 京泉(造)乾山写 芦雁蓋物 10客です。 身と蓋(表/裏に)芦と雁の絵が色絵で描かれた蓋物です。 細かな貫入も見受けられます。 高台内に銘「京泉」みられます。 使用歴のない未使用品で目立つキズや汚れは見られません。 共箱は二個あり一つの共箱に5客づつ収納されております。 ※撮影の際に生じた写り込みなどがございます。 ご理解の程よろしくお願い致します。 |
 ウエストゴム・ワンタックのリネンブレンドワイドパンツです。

==

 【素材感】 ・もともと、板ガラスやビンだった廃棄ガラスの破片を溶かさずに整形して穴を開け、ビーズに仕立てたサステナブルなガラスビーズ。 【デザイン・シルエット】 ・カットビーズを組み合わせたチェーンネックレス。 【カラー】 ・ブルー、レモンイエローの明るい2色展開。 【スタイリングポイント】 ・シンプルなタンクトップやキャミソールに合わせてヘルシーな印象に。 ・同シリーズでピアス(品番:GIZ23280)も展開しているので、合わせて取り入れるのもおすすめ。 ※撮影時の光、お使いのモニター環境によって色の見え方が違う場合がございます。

* * *

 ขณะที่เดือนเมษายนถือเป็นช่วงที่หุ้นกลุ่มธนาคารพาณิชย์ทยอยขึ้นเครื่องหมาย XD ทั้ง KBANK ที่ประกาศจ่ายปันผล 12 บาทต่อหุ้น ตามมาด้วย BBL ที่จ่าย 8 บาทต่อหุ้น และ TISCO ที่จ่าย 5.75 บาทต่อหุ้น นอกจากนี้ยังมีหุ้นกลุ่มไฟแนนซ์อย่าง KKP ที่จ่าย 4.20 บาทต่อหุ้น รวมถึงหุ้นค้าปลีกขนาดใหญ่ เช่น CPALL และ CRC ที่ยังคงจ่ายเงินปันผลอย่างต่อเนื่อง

* [Task]:
Start with the line above that contains "京泉(造)乾山写 芦雁蓋物 10客です。" and stop after the line that contains "ウエストゴム・ワンタックのリネンブレンドワイドパンツです。". Output those lines exactly, and only those.

* [Response to the task]:
 京泉(造)乾山写 芦雁蓋物 10客です。 身と蓋(表/裏に)芦と雁の絵が色絵で描かれた蓋物です。 細かな貫入も見受けられます。 高台内に銘「京泉」みられます。 使用歴のない未使用品で目立つキズや汚れは見られません。 共箱は二個あり一つの共箱に5客づつ収納されております。 ※撮影の際に生じた写り込みなどがございます。 ご理解の程よろしくお願い致します。 |
 ウエストゴム・ワンタックのリネンブレンドワイドパンツです。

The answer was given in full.